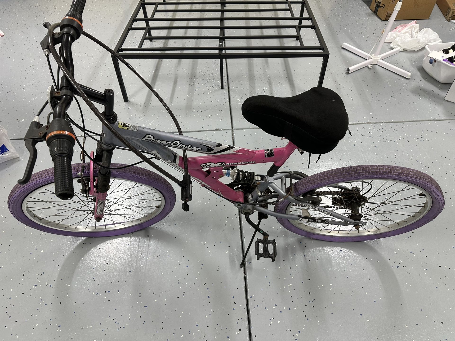 Free bike lock. Next Power Climber bike is typically a dual-suspension bike, meaning it has shocks on both the front and rear wheels. It often features an 18-speed gear system with a Shimano derailleur. The bike is equipped with front and rear V-brakes. It has knobby tires for better traction on various terrains and alloy rims for durability
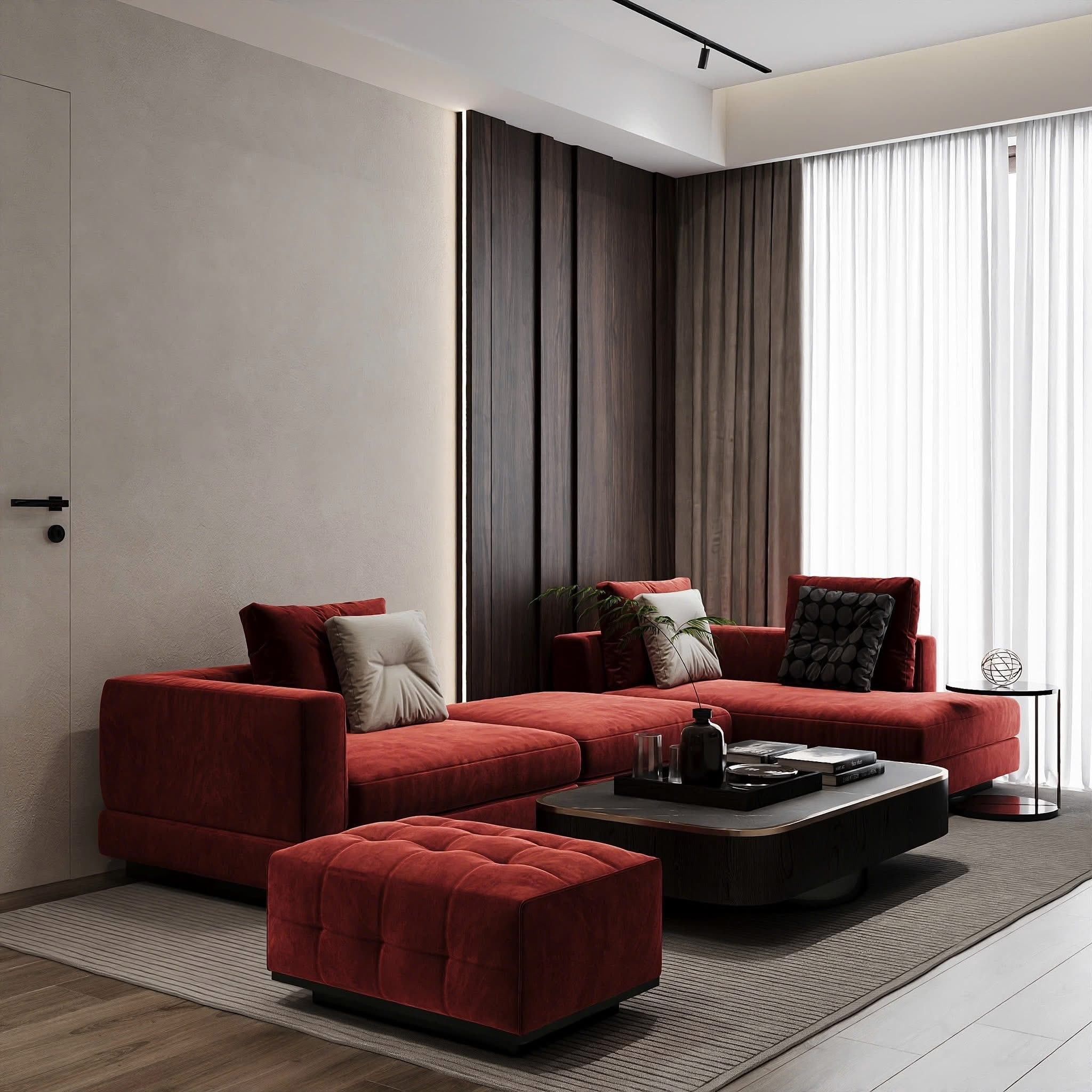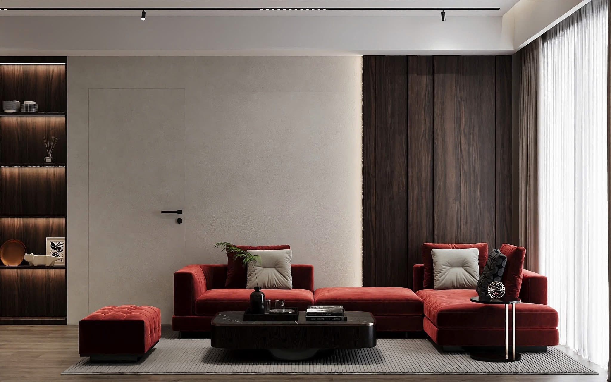- Sofa dáng thấp bọc nỉ đỏ trầm tạo điểm nhấn thị giác nổi bật
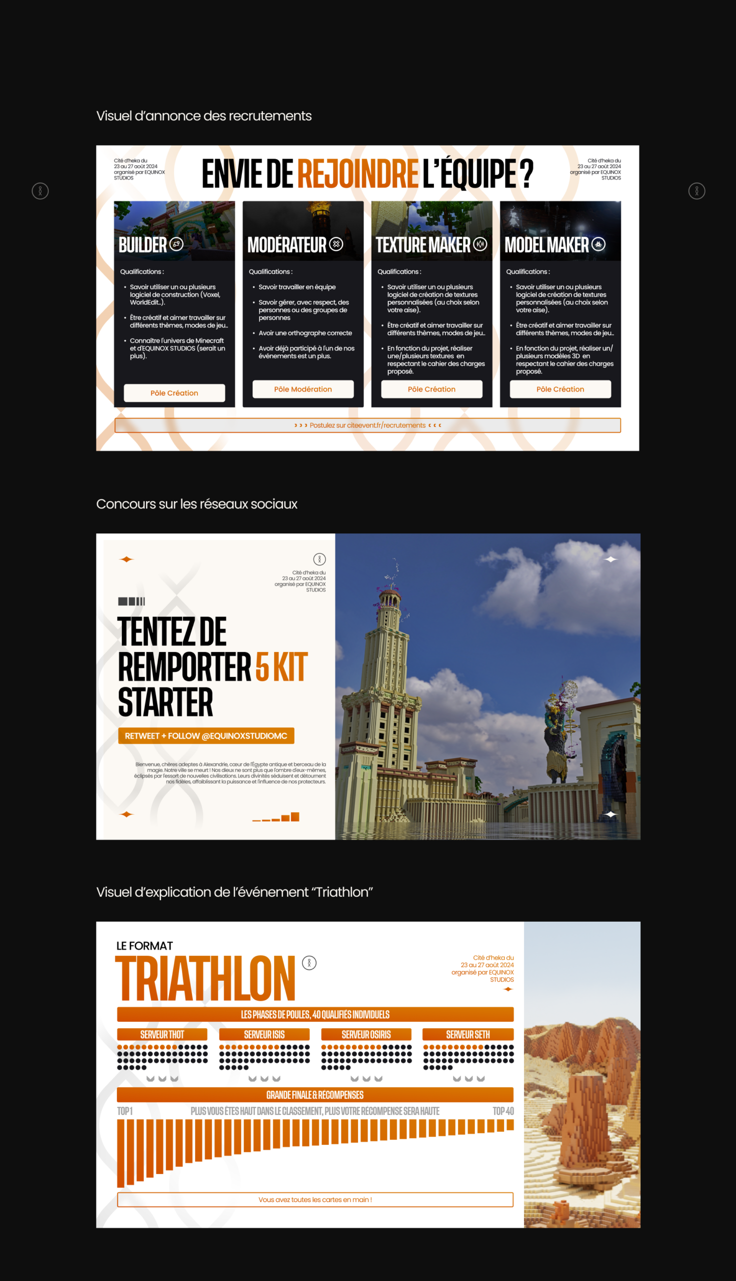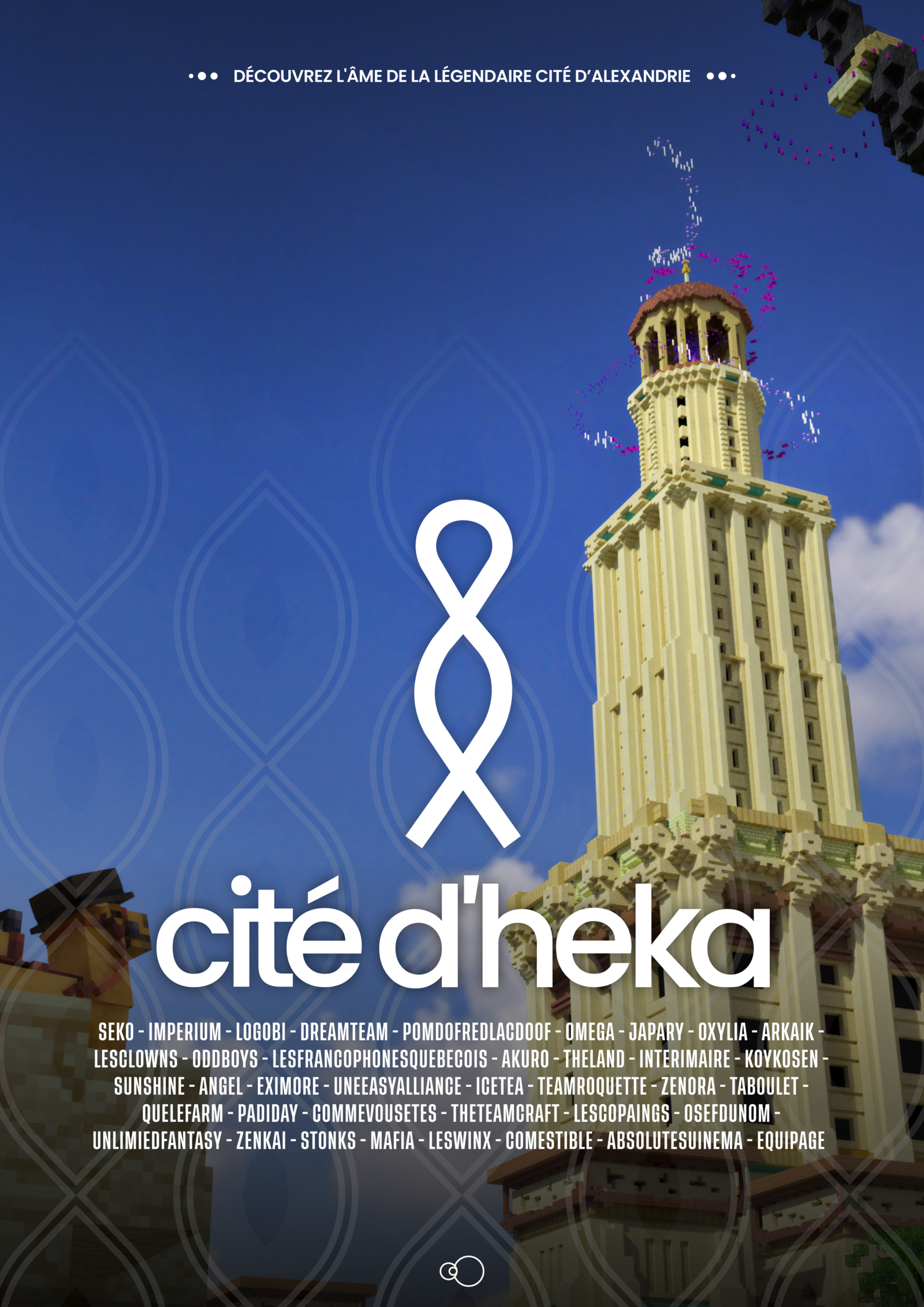 CITÉ D’HEKA est une expérience immersive de 5 jours sur Minecraft, mêlant compétition et RPG. En tant que co-fondateur, Admin et lead graphiste, j’ai piloté l’intégralité de la stratégie visuelle et de la communication pour cet événement qui a rassemblé plus de 200 joueurs simultanés dans l’univers mystique de la cité d’Alexandrie.
• • •
Required work: Output verbatim the lines beginning at the line with "- Sofa dáng" and ending at the last line of the material above, inclusive. Do not carry over any pictures.

Answer section:
- Sofa dáng thấp bọc nỉ đỏ trầm tạo điểm nhấn thị giác nổi bật
 CITÉ D’HEKA est une expérience immersive de 5 jours sur Minecraft, mêlant compétition et RPG. En tant que co-fondateur, Admin et lead graphiste, j’ai piloté l’intégralité de la stratégie visuelle et de la communication pour cet événement qui a rassemblé plus de 200 joueurs simultanés dans l’univers mystique de la cité d’Alexandrie.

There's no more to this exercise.